In case I get anything wrong, here is a relevant part of my original code:

// Scan diagonals for a winner: Bottom-right
for (int yy = 0; yy < board.getSizeY(); yy++) {
    newWin(conds, consecutive, loopAdd(board, 0, yy, 1, 1));
}

private static List<Winnable> loopAdd(HasSub<? extends Winnable> board,
        int xx, int yy, int dx, int dy) {
    List<Winnable> winnables = new ArrayList<>();

    Winnable tile;
    do {
        tile = board.getSub(xx, yy);
        xx += dx;
        yy += dy;
        if (tile != null)
            winnables.add(tile);
    }
    while (tile != null);

    return winnables;
}

When making this in C#, you can return IEnumerable<char>. The idea of the method is to start at a specific point and to iterate until you're outside the valid area.

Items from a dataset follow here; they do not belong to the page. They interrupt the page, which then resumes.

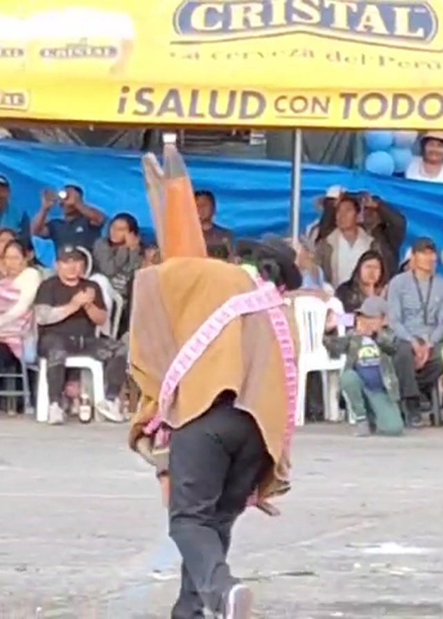 A man carrying a harp dances in an outdoor performance. He is wearing a brown poncho, black pants, a black hat, and a pink and white striped strap across his chest. A woman walks alongside him, playing a small drum. She is wearing a bright pink skirt, a turquoise sweater, and a black hat. Behind them, a crowd sits and watches. A yellow banner with "¡SALUD CON TODOS!" printed on it is visible in the background. The ground is gray and covered in green debris.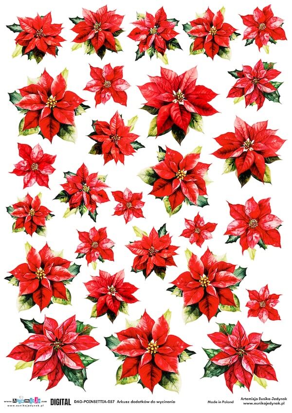 Poinsecje doskonale sprawdzą się jako główna dekoracja lub delikatne uzupełnienie kompozycji – w scrapbookingu, cardmakingu, art journalingu czy projektach DIY. To arkusz, który łatwo dopasujesz zarówno do minimalistycznych prac, jak i bogatszych, warstwowych aranżacji.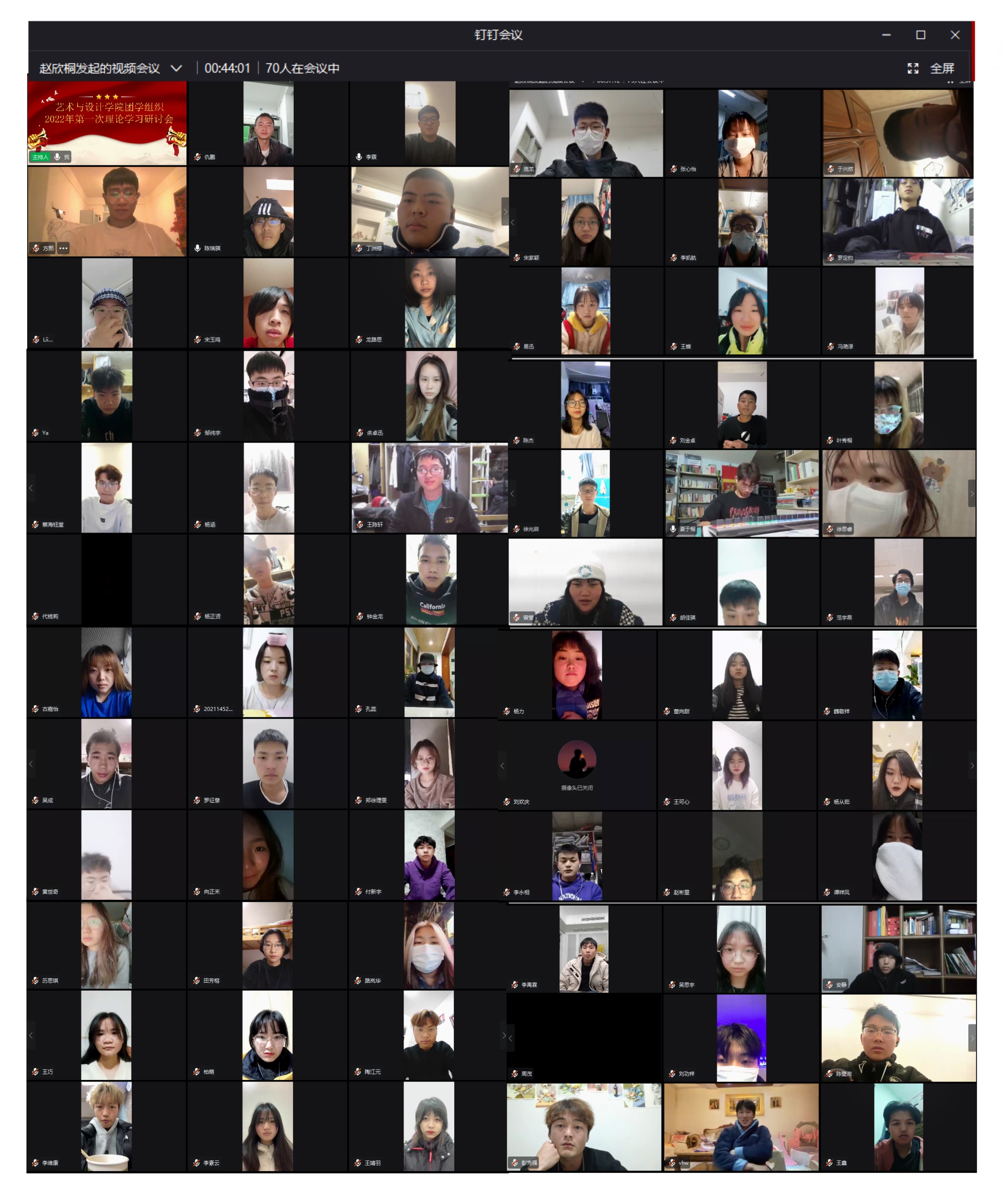1月3日,艺术与设计学院团学组织线上召开2022年第一次理论学习研讨会,院团委、学生会委员会、青年志愿者协会、学生工作办公室助理团、艺术团等学生组织70余名学生干部参加会议。会议由院学生会执行主席赵欣桐主持。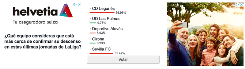 Así lo muestran los datos de la Encuesta Helvetia de hoy en ESTADIO Deportivo. Casi el 37% de los votos señalan a que el CD Leganés está más cerca de confirmar su descenso. Los pepineros son penúltimos y en esta última jornada no pudieron pasar del empate frente al Sevilla FC en el Ramón Sánchez-Pizjuán. Era una opción única para ambos, que finalmente desaprovecharon. Y eso que el canterano Diomandé tuvo en sus botas la oportunidad de certificar el triunfo del cuadro madrileño tras un error de Nyland.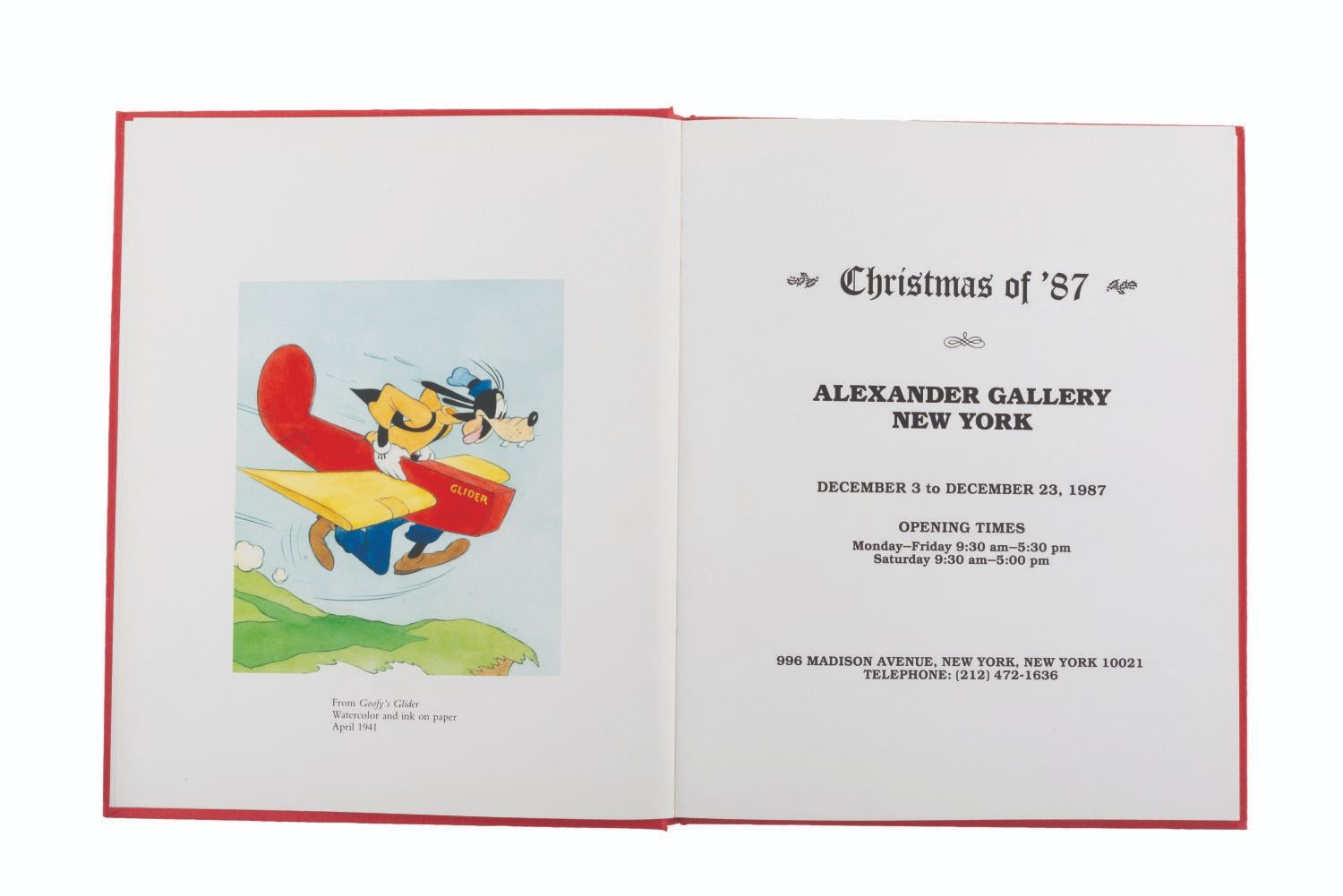 (Alexander Gallery, 1987) A hardcover catalog of Christmas of ‘87, the Alexander Gallery’s exhibit of original Disney Good Housekeeping Art in New York City, Dec. 1987. In 1934, Good Housekeeping and the Walt Disney Studios joined to have the Studio supply for each issue a single page Children’s feature, including characters from Disney cartoons. Good Housekeeping felt it would increase sales, and Disney liked a permanent advance publicity piece for its latest cartoon shorts. From 1934 until 1944, Disney created and supplied artwork for a page in each issue of the magazine. The pages are considered some of the finest character artwork of the time, and this exhibit displayed all known surviving original paintings. Measuring 8.75 " x 10.75 ", the hardcover catalog is in fine condition.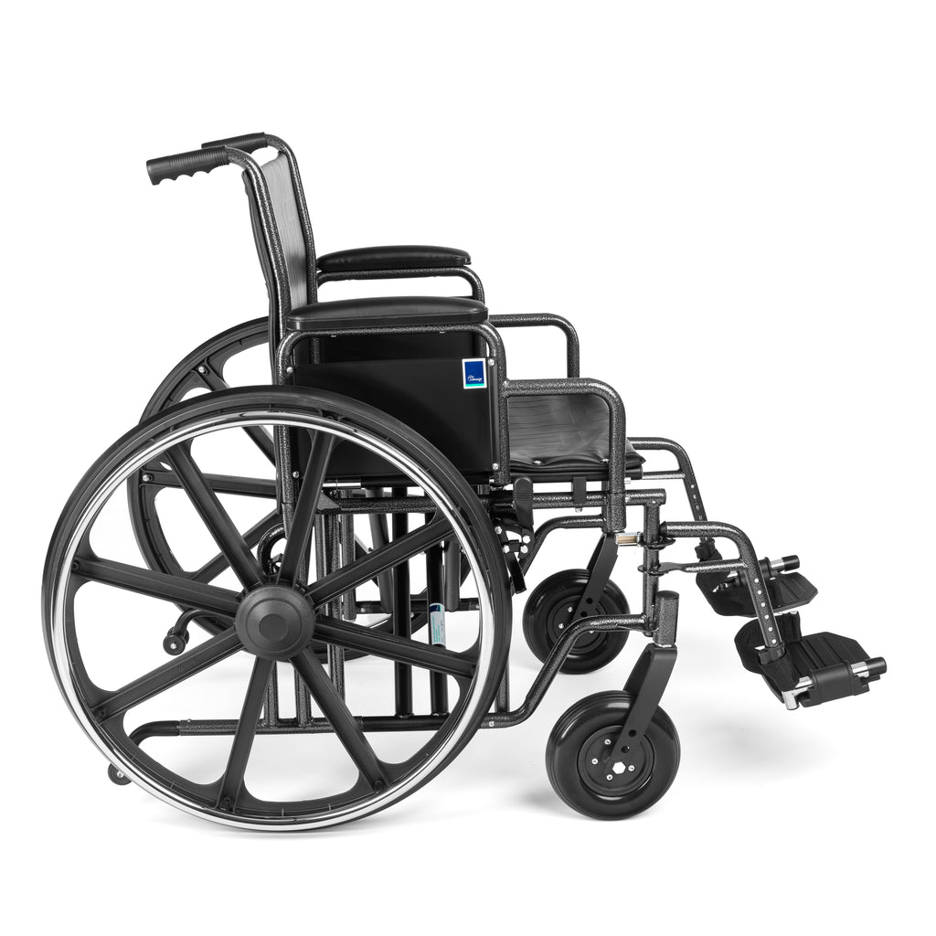 This heavy-duty reinforced steel wheelchair supports users up to 225 kg. The rigid steel frame provides excellent stability during transport and everyday use. Suitable for indoor and outdoor use on flat and paved surfaces.
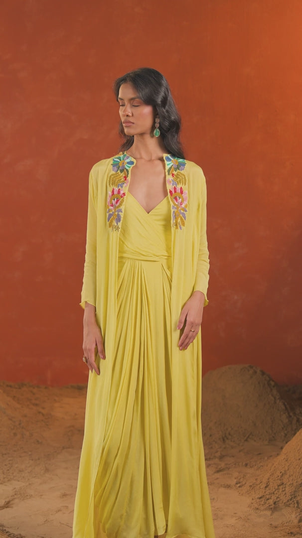 Lime Yellow Embroidered Chinon Silk Cape Dress With Jacket

I think it's a bad idea that you're currently using String concatenation first, and then checking if the string contains the char. Instead you can indeed as Carsten points out in the comments use a state machine for that. It only needs to be about an int really that keeps track of how many consecutive matches you've had so far, and when it reaches a non-match it starts over at zero. When it reaches the string length, it returns true.

Anyways, back to the main part, here's what I would try to do:

private IEnumerable<char> loopOver(string[] board,
        Point position, Point delta) {

    char value;
    while (true) {
        if (!charIsInsideBoard(board, position))
            break;

        value = getCharInBoard(board, position);
        position.x += delta.x;
        position.y += delta.y;
        yield return value;
    }
}

Whenever I'm using C#, I love using the wonderful yield keyword.

private boolean contains(IEnumerable<char> loop, string searchFor) {
    int matches = 0;
    foreach (char ch in loop) {
        if (ch == searchFor[matches]) {
             matches++;
        }
        else {
             matches = 0;
             if (ch == searchFor[matches]) {
                 matches++;
             }
        }
        if (matches == searchFor.Length) {
             return true;
        }
    }
    return false;
}

Then in your allDiagonals method (which really could be renamed to searchAllDiagonals) all you need to do is to call the contains and loopOver methods a couple of times.

boolean searchAllDiagonals(string[] board, string searchFor)
{
    boolean result = false;
    for (int i = 0; i < board[0].Length; i++) {
        result = result || contains(loopOver(board, new Point(i, 0), new Point(1, 1), searchFor);
    }
    for (int i = 0; i < board.Length; i++) {
        result = result || contains(loopOver(board, new Point(0, i), new Point(1, 0), searchFor);
    }
    ...
}

Please note that I have not tested this code, and as I haven't done any C# development since last time I might have mixed something up. I also might have mixed up X and Y, but that happens for me in Java too every now and then.

Other Suggestions:

  • Don't use i and j when you're using nested loops. row and col are so much better, or x and y. I myself use xx and yy sometimes for loops when I already have another x / y variable.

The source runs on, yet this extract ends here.